Data extract:
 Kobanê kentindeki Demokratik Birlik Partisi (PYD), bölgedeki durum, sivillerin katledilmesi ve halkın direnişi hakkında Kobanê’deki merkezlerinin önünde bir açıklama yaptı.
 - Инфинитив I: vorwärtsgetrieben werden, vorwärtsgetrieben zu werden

==

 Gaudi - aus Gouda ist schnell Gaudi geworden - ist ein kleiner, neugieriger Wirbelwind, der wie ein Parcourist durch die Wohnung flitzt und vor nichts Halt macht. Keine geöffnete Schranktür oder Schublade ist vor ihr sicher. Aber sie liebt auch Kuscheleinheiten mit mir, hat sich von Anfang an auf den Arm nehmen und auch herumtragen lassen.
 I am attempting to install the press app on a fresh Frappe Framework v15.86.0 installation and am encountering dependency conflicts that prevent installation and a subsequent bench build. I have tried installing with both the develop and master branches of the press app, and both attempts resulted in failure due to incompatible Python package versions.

--

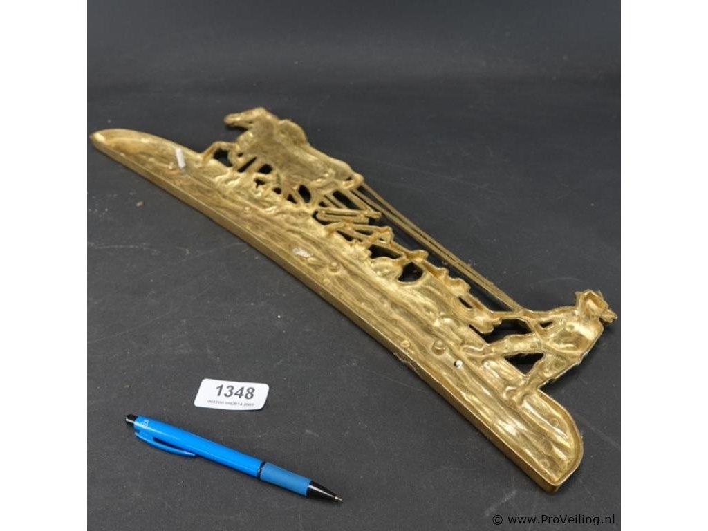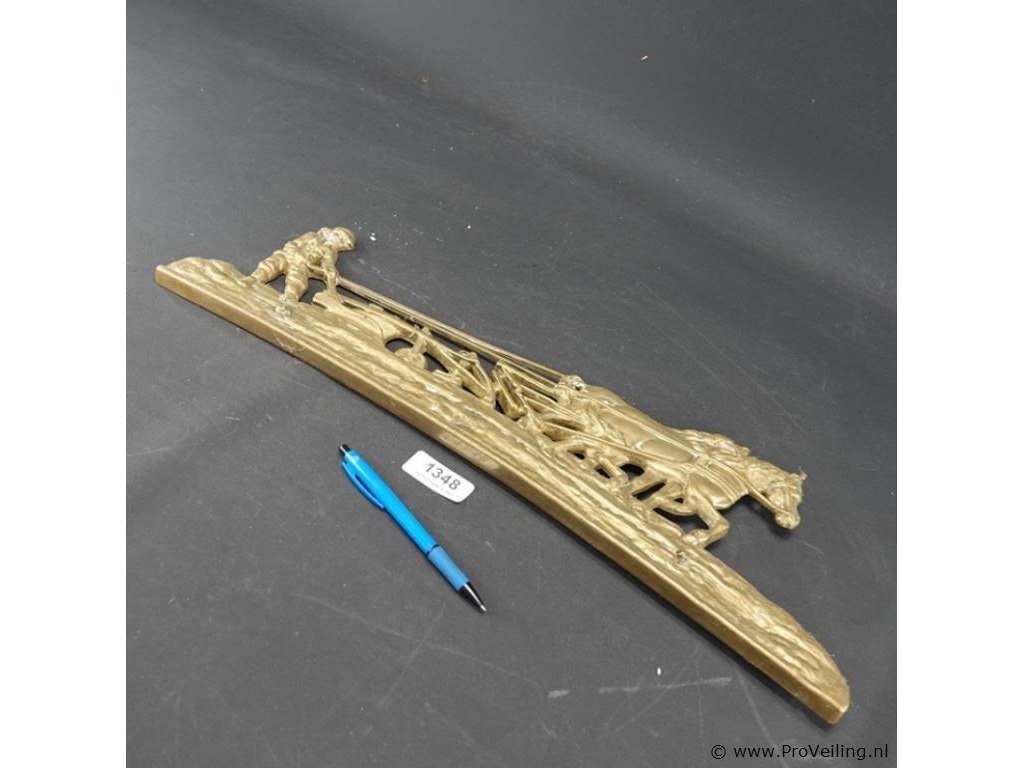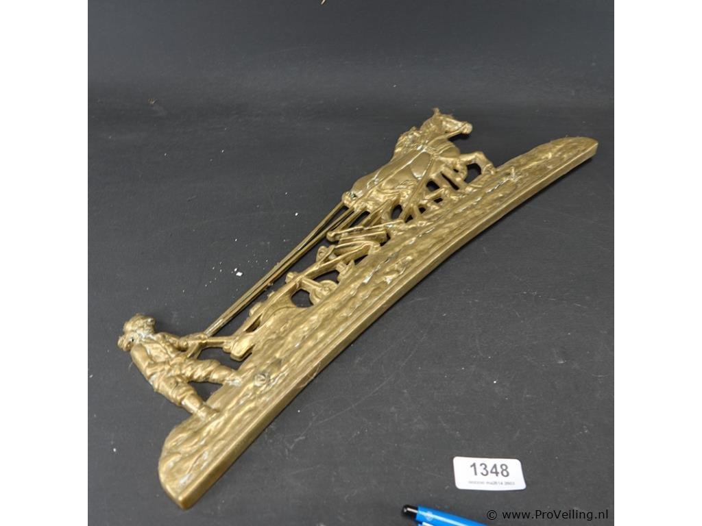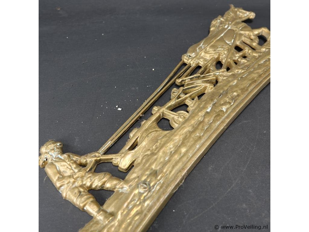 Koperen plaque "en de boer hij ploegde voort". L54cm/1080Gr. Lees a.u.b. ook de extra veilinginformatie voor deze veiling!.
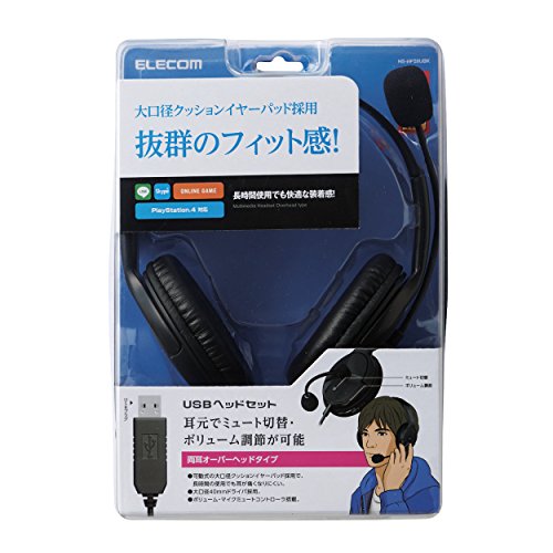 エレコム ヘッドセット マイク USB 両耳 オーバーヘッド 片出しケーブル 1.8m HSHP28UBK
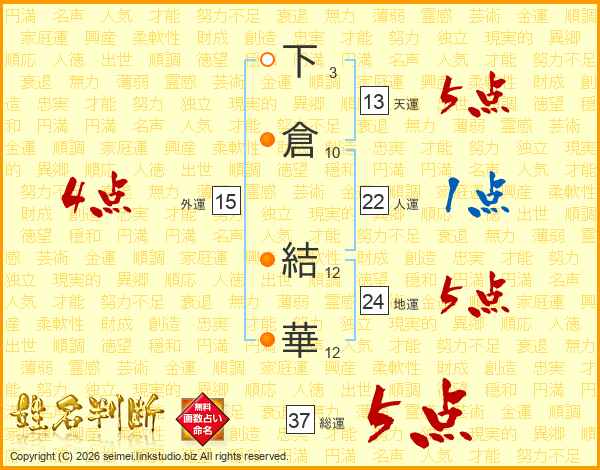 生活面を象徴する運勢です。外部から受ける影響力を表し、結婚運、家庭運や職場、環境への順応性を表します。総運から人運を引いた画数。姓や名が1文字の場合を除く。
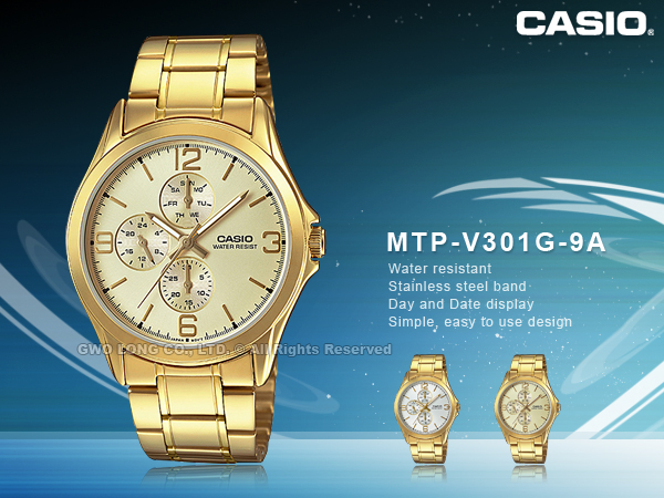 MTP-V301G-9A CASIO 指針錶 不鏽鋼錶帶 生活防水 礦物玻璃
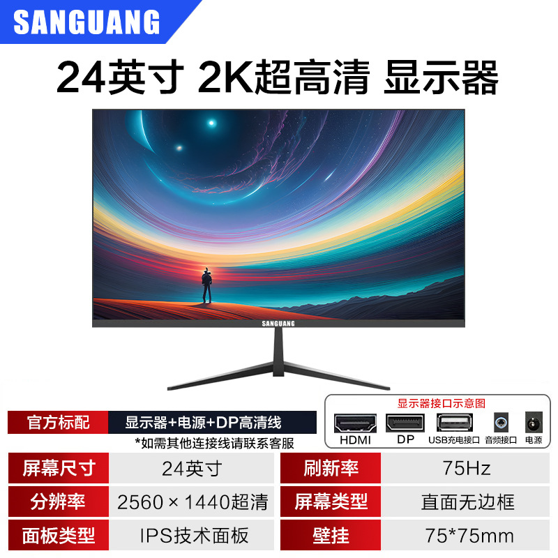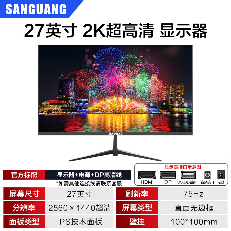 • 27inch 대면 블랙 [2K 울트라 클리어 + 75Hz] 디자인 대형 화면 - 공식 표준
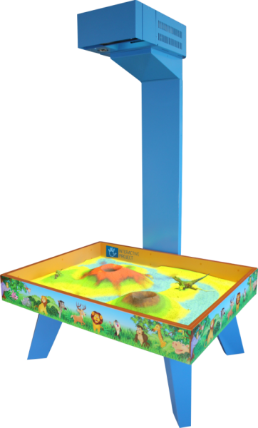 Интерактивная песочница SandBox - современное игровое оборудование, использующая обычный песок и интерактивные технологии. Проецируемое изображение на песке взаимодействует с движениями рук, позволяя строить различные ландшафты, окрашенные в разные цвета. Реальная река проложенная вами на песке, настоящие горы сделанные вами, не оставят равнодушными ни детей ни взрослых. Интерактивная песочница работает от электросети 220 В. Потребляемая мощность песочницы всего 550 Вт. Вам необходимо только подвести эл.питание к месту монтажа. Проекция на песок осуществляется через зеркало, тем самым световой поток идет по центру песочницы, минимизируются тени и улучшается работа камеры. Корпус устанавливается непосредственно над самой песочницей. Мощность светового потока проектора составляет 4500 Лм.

Task objective:
Using the entries above, repeat exactly the lines from the one with "MTP-V301G-9A CASIO 指針錶 不鏽鋼錶帶 生活防水 礦物玻璃" to the one with "대형 화면 - 공식 표준", both included, and leave the pictures behind.

Result for this task:
 MTP-V301G-9A CASIO 指針錶 不鏽鋼錶帶 生活防水 礦物玻璃
 • 27inch 대면 블랙 [2K 울트라 클리어 + 75Hz] 디자인 대형 화면 - 공식 표준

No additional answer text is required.